### RECORDS PROVIDED
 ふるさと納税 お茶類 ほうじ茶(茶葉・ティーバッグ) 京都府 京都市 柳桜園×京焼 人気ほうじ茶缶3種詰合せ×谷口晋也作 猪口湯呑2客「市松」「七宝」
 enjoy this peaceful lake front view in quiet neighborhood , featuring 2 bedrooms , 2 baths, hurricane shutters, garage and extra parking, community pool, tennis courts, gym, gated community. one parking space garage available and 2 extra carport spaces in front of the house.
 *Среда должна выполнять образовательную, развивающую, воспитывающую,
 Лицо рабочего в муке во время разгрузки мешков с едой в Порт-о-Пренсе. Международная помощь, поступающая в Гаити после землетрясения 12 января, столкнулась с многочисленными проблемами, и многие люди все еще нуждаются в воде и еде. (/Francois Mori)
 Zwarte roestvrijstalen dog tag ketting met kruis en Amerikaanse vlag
...
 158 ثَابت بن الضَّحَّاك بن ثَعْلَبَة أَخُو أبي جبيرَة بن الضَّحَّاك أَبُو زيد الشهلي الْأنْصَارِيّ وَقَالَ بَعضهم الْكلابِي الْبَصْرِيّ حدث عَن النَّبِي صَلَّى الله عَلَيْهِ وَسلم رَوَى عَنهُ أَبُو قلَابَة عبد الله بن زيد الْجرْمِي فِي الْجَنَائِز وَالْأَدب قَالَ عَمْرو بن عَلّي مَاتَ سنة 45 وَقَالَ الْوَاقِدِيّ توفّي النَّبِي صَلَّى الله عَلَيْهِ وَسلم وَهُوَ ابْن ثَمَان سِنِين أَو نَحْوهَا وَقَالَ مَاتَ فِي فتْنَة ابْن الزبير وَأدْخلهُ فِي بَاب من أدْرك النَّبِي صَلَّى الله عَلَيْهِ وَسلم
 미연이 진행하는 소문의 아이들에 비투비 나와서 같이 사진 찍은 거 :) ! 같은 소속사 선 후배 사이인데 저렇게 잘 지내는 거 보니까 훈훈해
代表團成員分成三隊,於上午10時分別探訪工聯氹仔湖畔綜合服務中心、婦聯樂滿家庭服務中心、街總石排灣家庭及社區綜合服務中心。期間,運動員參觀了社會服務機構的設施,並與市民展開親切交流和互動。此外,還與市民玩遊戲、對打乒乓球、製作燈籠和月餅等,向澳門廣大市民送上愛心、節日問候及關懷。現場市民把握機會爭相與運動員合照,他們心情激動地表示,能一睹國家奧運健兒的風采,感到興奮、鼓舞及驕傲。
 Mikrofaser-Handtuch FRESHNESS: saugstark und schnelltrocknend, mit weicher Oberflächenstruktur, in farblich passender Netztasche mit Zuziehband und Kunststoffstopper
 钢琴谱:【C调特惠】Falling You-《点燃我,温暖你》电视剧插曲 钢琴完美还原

### DIRECTIONS
Set down precisely the lines above between the line holding "Mikrofaser-Handtuch FRESHNESS: saugstark" and the line holding "钢琴谱:【C调特惠】Falling You-《点燃我,温暖你》电视剧插曲 钢琴完美还原", inclusive, and nothing beyond them.

### OUTPUT FOR THIS TASK
 Mikrofaser-Handtuch FRESHNESS: saugstark und schnelltrocknend, mit weicher Oberflächenstruktur, in farblich passender Netztasche mit Zuziehband und Kunststoffstopper
 钢琴谱:【C调特惠】Falling You-《点燃我,温暖你》电视剧插曲 钢琴完美还原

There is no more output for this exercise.